Georgian Leadership Dances to Patriotic Tune

President Mikheil Saakashvili and Defense Minister Irakli Okruashvili talked tough on Abkhazia and vowed, in flamboyant and emotional speeches on September 11, to unite Georgia “soon.” The President and the Defense Minister both slammed their opponents for, as they put it, “planting seeds of hopelessness” among the people.

Saakashvili and Okruashvili were speaking at a forum which gathered thousands of “Young Patriots” – a group of teenagers from all over Georgia who spent their summer in state-sponsored camps in different parts of the country. These summer camps were called “Patriot Camps” and aimed, as the organizers said, at boosting a patriotic spirit among the youth. About 11,000 participants of, as organizers also call it, “the President’s Program” gathered in the Sport Palace in Tbilisi on September 11 at a forum dubbed the “Patriots are Coming.” 

Activists from the ruling National Movement party and officials, as well as President Saakashvili himself, were regular visitors at these camps. The initiative was widely publicized by the authorities through media sources during the summer. The forum on September 11 was even broadcast live by all the leading TV stations.
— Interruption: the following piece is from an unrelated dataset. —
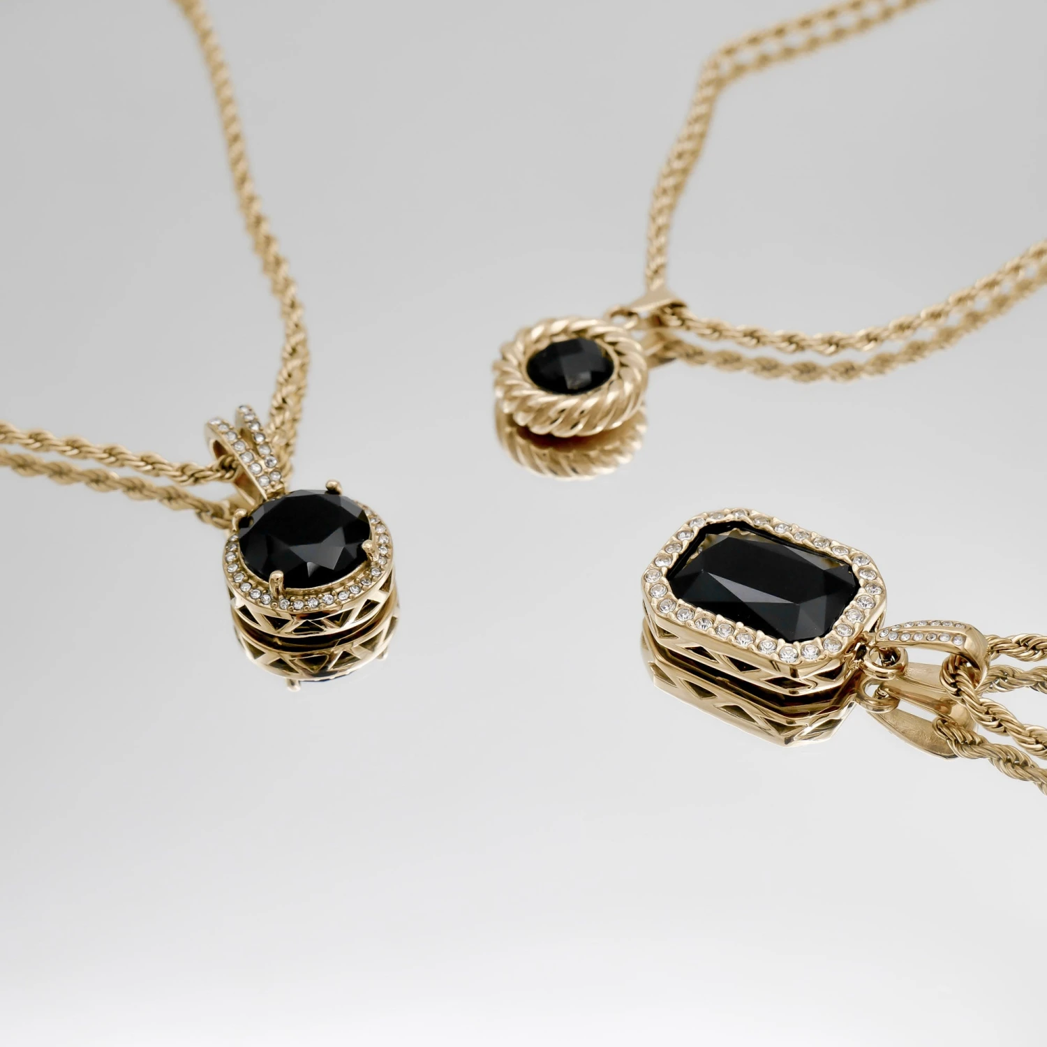 Our Esme Onyx Necklace is a vintage-inspired gemstone piece that features a rounded black emerald cut stone, surrounded by a gorgeous rounded plait and supported by a delicate rope chain. This piece is modern, beautifully crafted and exudes elegance. Also available in Pearl

Georgia’s reunification was in a focus at this forum. Songs about Abkhazia, which included the lyrics “Sukhumi [Abkhaz capital] you are everything to me” were performed and the slogan “Victory to a United Georgia” were chanted.

“Our Promised Land is a united Georgia [encompassing] its old borders; Georgia with borders which include Psou [the river which serves as the border between Abkhazia and Russia] and the Roki Tunnel [linking South Ossetia with Russia]… We will unite Georgia through peaceful means,” Saakashvili said.

Saakashvili blamed, as he put it, Georgian “traitors” for the country’s defeat in the armed conflict which took place in Abkhazia in 1993, after which Georgian troops were forced to withdraw from the region. “We will not let this kind of treason [exist] any more,” the Georgian President said.

Saakashvili also said that there still are many “cynics and pessimists” in Georgia who permanently criticize the government.  “OK, criticize us, but what can you do, what can you do yourself to improve something?” Saakashvili said.

“These people often tell us that we should apologize to the Abkhazians. Apologize for what? For expelling 250,000 people [Georgians] out of Abkhazia [in 1993]? Where is the truth? We are on the side of truth and not on the side of capitulators,” the Georgian President stated.

Saakashvili urged the participants of the forum to become “preachers of patriotism among other young people” in order to “root out” pessimism and cynicism.

In his speech, Defense Minister Irakli Okruashvili also focused on Abkhazia and said that he recently covertly spent several days in the breakaway region. Organizers of the forum explained Okruashvili’s presence at the event by noting that military-style trainings were included in the schedule of activities in the “Patriot Camps.”

“I was in Abkhazia several days ago, together with several soldiers. I stayed there for several days. I was sleeping in the forest there. And I vowed, while being there, that none of us will walk on our territory as partisans any more. The time will come soon, time when we return Abkhazia,” Okruashvili said, without specifying where exactly in Abkhazia he was, or what exactly the purpose of this covert visit was.
 
“But there are still people in Georgia who try to plant seeds of hopelessness; these people, I mainly refer to our opposition, say that serving in the army is wasting one’s time and say that Georgia should not buy new arms… We are a warrior nation and if not for this ability we would have been destroyed… We have no right not to unite Georgia,” Irakli Okruashvili said.

He also said that he is happy that a patriotic spirit is growing among the country’s youth. “Two years ago many of you were frustrated… But unity gave us the force [necessary]to stage the Rose Revolution, which opened a new page in your life… No generation since Davit the Builder [the Georgian kind who united the country 900 years ago] had such a perfect chance in Georgia to build a successful nation; you have it,” Okruashvili added.

Organizers of the “Patriot Camp” say that next year the number of participants of the program will be increased.

Although this new movement of “young patriots” in Georgia has no structure and has no leader, it resembles one that was set up in Russia this spring – a pro-Putin youth movement called Nashi – Our People – which also aims at boosting patriotism among the younger generations.